[Task description] Return each entry word for word, without its pictures.
++++++++
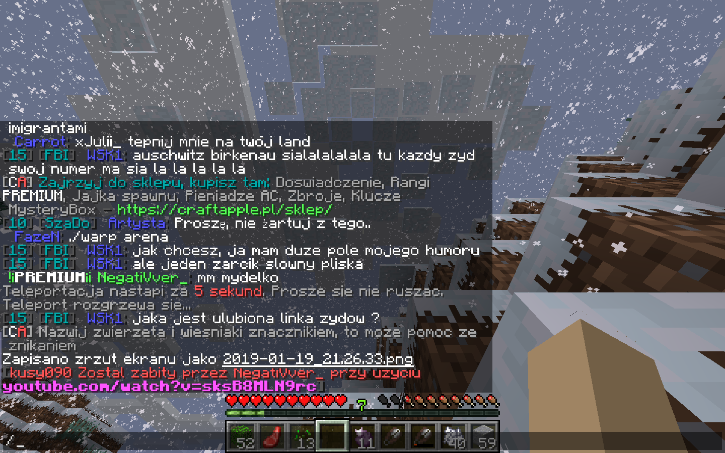 Nick w grze: Wapno Nick oskarżonego: WSK1 Serwer: Survival data: 2019-01-19 Opis wykroczenia: niestosowne żarty Dowód: http://mkol.ct8.pl/wp-content/uploads/2019-01-19_21.26.34.png
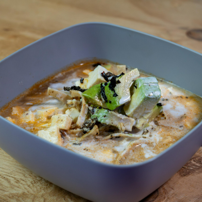 La clásica solo que mejor!! Fritura de maíz, aguacate, queso fresco, crema, fritura de chile pasilla y caldillo a base de tomate y chipotle.
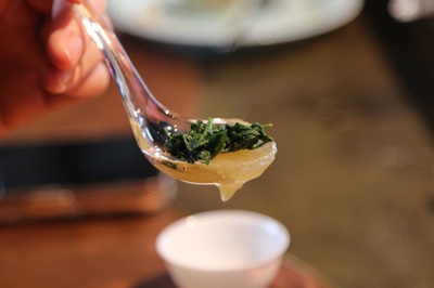 유자청에 교쿠로세이로의 찾잎을 얹어 먹으면 마치 부드러운 산나물이
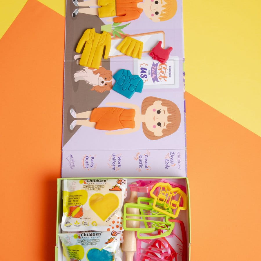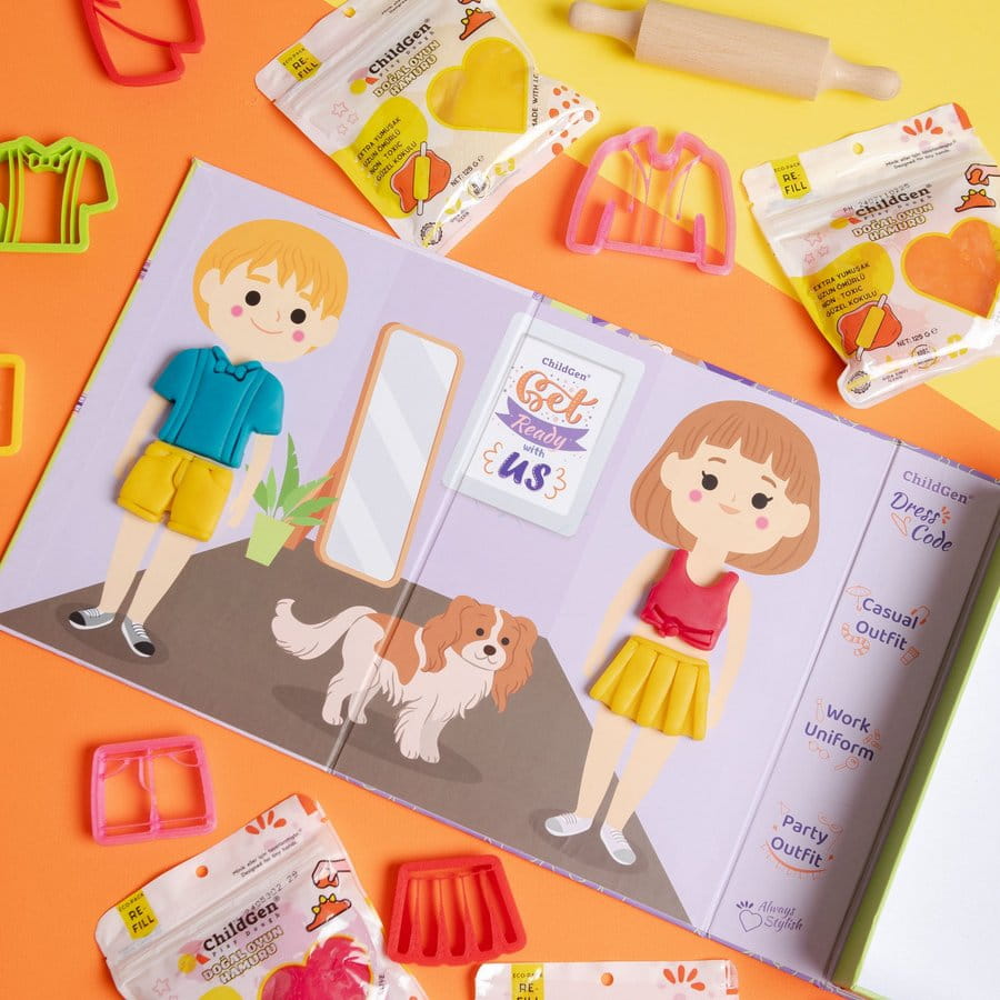Na okładkach pudełka czekają dwie wspaniałe aktywności – na jednej z nich dzieci mogą ozdobić twarze postaci, tworząc fantazyjne fryzury, dodając akcesoria takie jak spinki czy kolczyki. Na drugiej – mogą zaprojektować stroje dla chłopca i dziewczynki, wykorzystując ciastolinę oraz specjalne foremki do tworzenia ubrań.
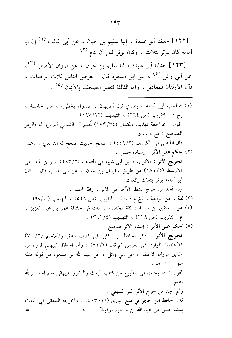 122 - حَدَّثَنَا أَبُو عُبَيْدَةَ، أَنْبَأَ سُلَيْمُ بْنُ حَيَّانَ، عَنْ أَبِي غَالِبٍ، إِنَّ أَبَا أُمَامَةَ «كَانَ §يُوتِرُ بِثَلَاثٍ، وَكَانَ يُوتِرُ قَبْلَ أَنْ يَنَامَ»
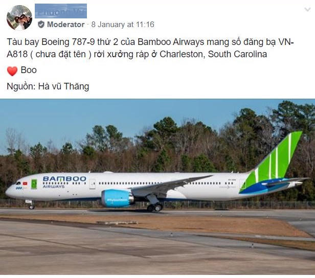 Trả lời câu hỏi về vấn đề này, ông Đặng Tất Thắng, Phó Chủ tịch kiêm CEO Bamboo Airways xác nhận, đây đúng là hình ảnh của máy bay thân rộng Boeing 787-9 Dreamliner thứ 2 trong đội bay Bamboo Airways, dự kiến sẽ về Việt Nam gia nhập vào ngày 18/1.
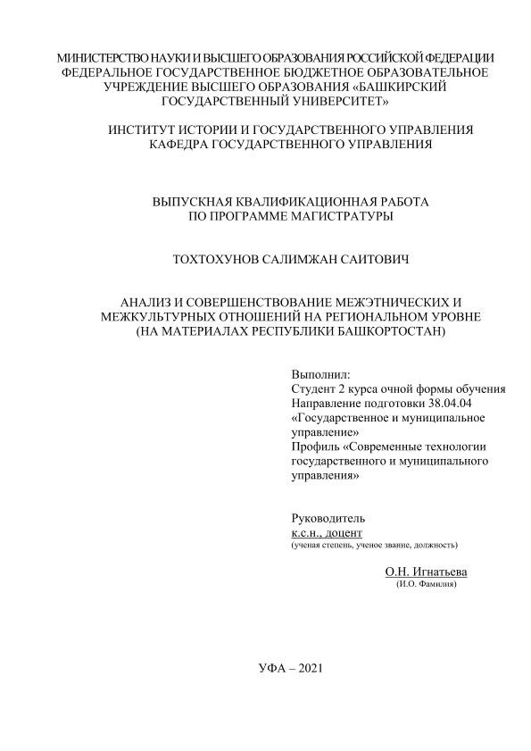 Экономика — Управление экономикой; ВКР; магистратура; межэтнические отношения; межкультурные отношения; регионы; государственное регулирование; нормативно-правовые основы
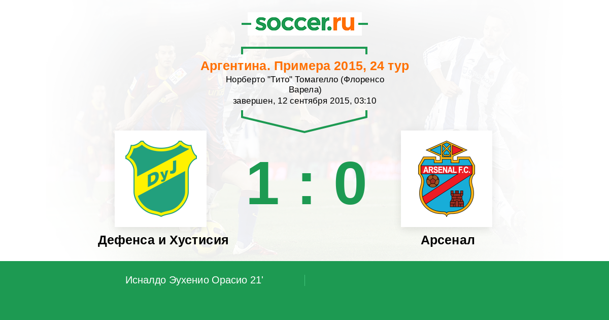 21' (1:0) Исналдо Эухенио Орасио (26) (Теллечеа Эмилиано (7))
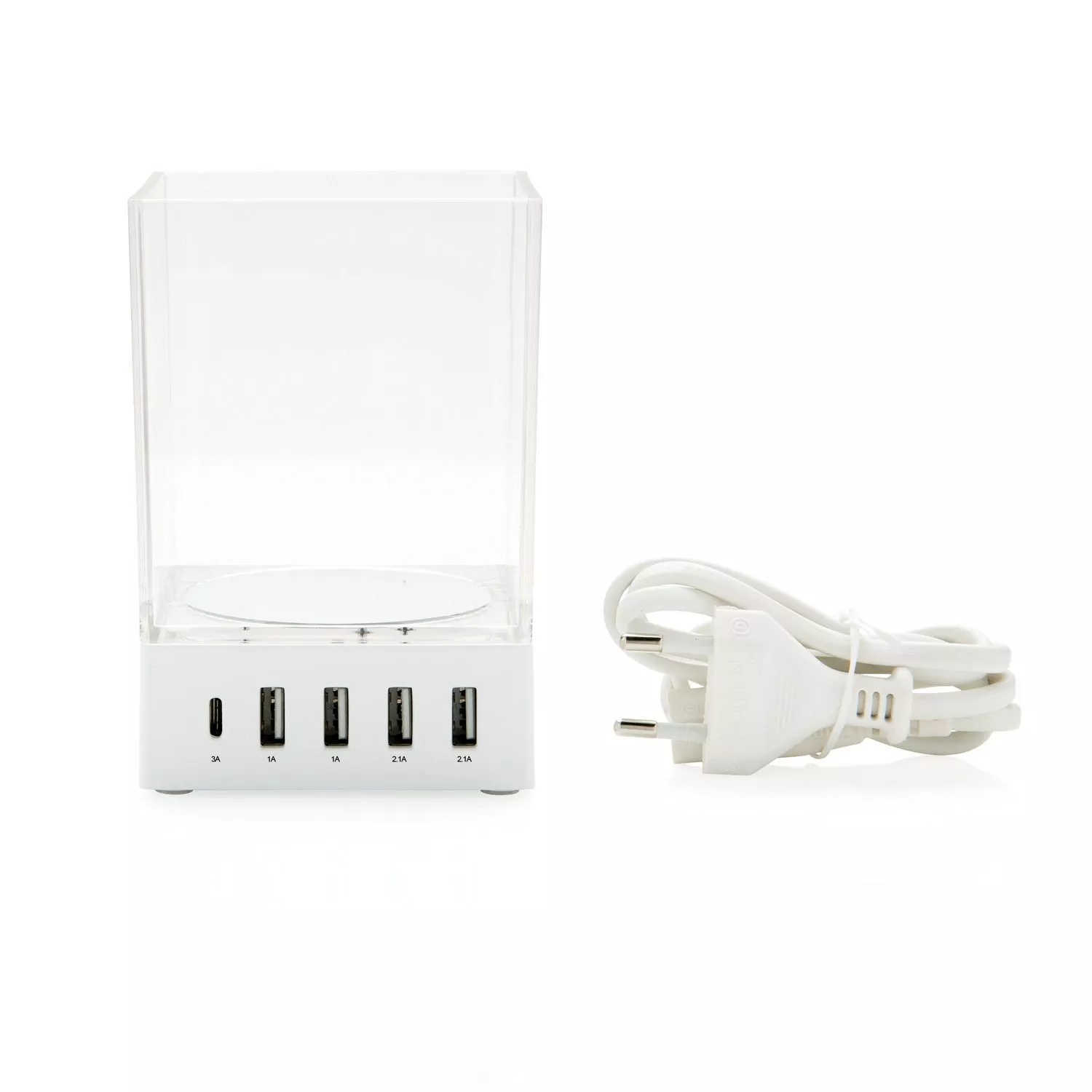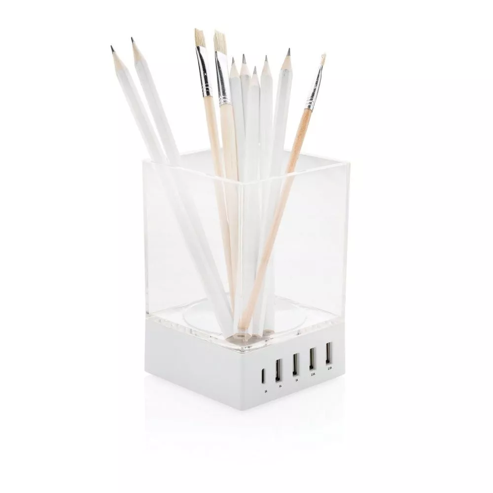 Стильный USB-хаб с подставкой для ручек, выполненный в минималистичном дизайне, проследит, чтобы все устройства были заряжены, а на рабочем столе царил порядок. В устройстве предусмотрены 4 порта USB (4,8А) и один порт Type-C 2.0 для мобильных устройств нового поколения. Индикаторы синего цвета покажут, заряжается ли устройство. Подставка изготовлена из поликарбоната, а USB-хаб из огнестойкого ABS-пластика. Длина кабеля - 1,5 метра.
++++++++
[Result for this task]
 Nick w grze: Wapno Nick oskarżonego: WSK1 Serwer: Survival data: 2019-01-19 Opis wykroczenia: niestosowne żarty Dowód: http://mkol.ct8.pl/wp-content/uploads/2019-01-19_21.26.34.png
 La clásica solo que mejor!! Fritura de maíz, aguacate, queso fresco, crema, fritura de chile pasilla y caldillo a base de tomate y chipotle.
 유자청에 교쿠로세이로의 찾잎을 얹어 먹으면 마치 부드러운 산나물이
Na okładkach pudełka czekają dwie wspaniałe aktywności – na jednej z nich dzieci mogą ozdobić twarze postaci, tworząc fantazyjne fryzury, dodając akcesoria takie jak spinki czy kolczyki. Na drugiej – mogą zaprojektować stroje dla chłopca i dziewczynki, wykorzystując ciastolinę oraz specjalne foremki do tworzenia ubrań.
 122 - حَدَّثَنَا أَبُو عُبَيْدَةَ، أَنْبَأَ سُلَيْمُ بْنُ حَيَّانَ، عَنْ أَبِي غَالِبٍ، إِنَّ أَبَا أُمَامَةَ «كَانَ §يُوتِرُ بِثَلَاثٍ، وَكَانَ يُوتِرُ قَبْلَ أَنْ يَنَامَ»
 Trả lời câu hỏi về vấn đề này, ông Đặng Tất Thắng, Phó Chủ tịch kiêm CEO Bamboo Airways xác nhận, đây đúng là hình ảnh của máy bay thân rộng Boeing 787-9 Dreamliner thứ 2 trong đội bay Bamboo Airways, dự kiến sẽ về Việt Nam gia nhập vào ngày 18/1.
 Экономика — Управление экономикой; ВКР; магистратура; межэтнические отношения; межкультурные отношения; регионы; государственное регулирование; нормативно-правовые основы
 21' (1:0) Исналдо Эухенио Орасио (26) (Теллечеа Эмилиано (7))
 Стильный USB-хаб с подставкой для ручек, выполненный в минималистичном дизайне, проследит, чтобы все устройства были заряжены, а на рабочем столе царил порядок. В устройстве предусмотрены 4 порта USB (4,8А) и один порт Type-C 2.0 для мобильных устройств нового поколения. Индикаторы синего цвета покажут, заряжается ли устройство. Подставка изготовлена из поликарбоната, а USB-хаб из огнестойкого ABS-пластика. Длина кабеля - 1,5 метра.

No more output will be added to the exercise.